And it is in stone, more nobly worked, that the Cistercian monks constructed the Abbey of Fontenay (a World Heritage Site); and that the little Medieval city of Semur-en-Auxois or the austere village of Flavigny-sur-Ozerain were built. Burgundy is a land of the Romans and it is in stone that they wrote their books and their beliefs: the large churches, as Vezelay, Tournus or Autun are at the center of a dense network of little roman churches and chapels that dot the countryside.
Gallo-Roman Burgundy:
Cities of the Dukes, land of the Romans and even before that, the land of the Celts and the Gallo-Romans. Finally united to confront the Roman legions of Caesar, these tribes suffered a huge defeat in the battle led by Vercingétorix at Alésia.

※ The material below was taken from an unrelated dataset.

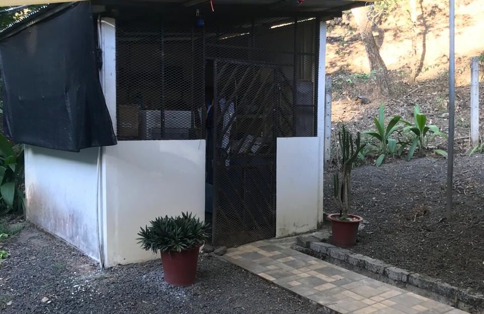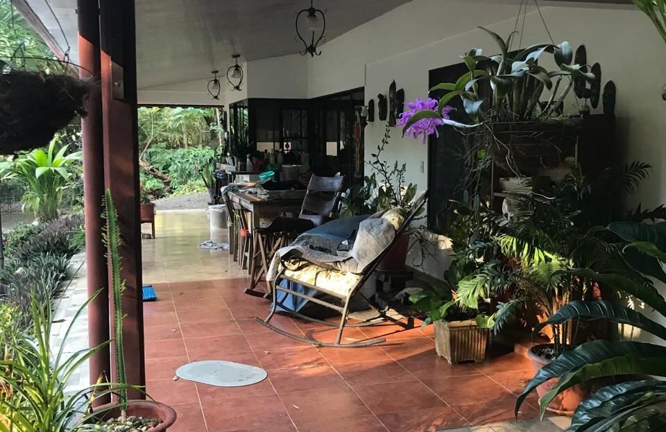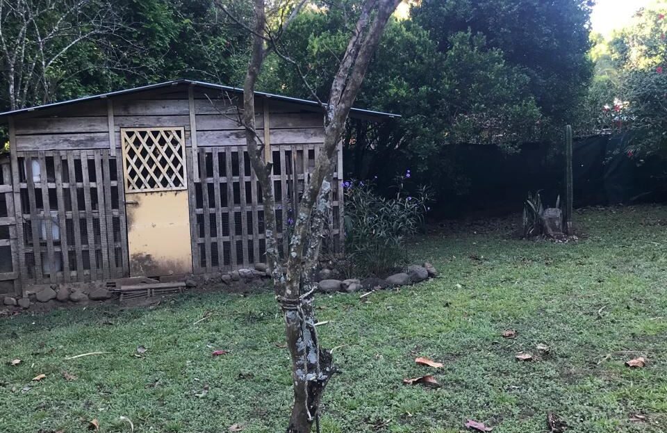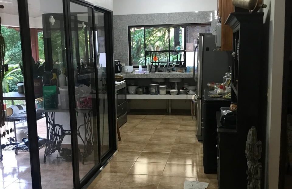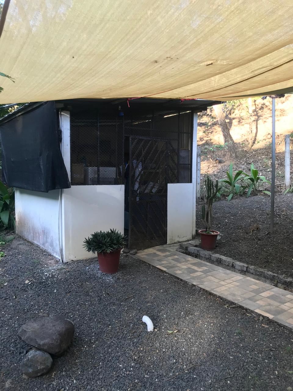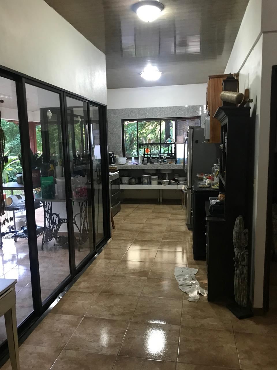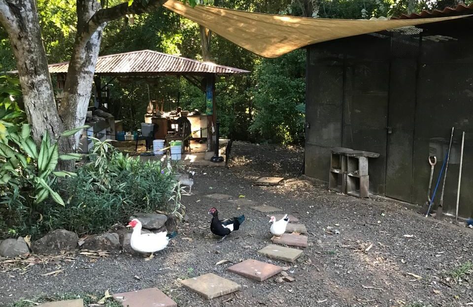 Countryside home in a farm setting next to primary forest with stream composed of 2 parcels, 3037 square meters, includes a house with 2 bedrooms, living room, kitchen, 2 full bathrooms, large hallway, laundry room, storage areas, garages for 6 cars, rancho bbq, pond, chicken coops, cages, green area, gardens, fruit and ornamental trees. There is a perimeter fence, security cameras.

Burgundy is all that.
Vercingetorix in Alésia
The Tombs of the Dukes in Dijon
Later, in a world that urbanized, the Dukes of Burgundy:
The Dukes of the West, as they called themselves, were to give an extraordinary luster to their cities: Beaune and its Hospices; and above all their capital, Dijon, with its ducal palace and the Chartreuse de Champmol that is world famous because of its sculptural masterpiece of the Flemish Claus Sluter.
And one of the last, but not the least, charms of this region:
It is of course its wine, that of Chablis, of the Côte de Nuits or of the Côtes de Beaune … as well as the Côte Challonnaise.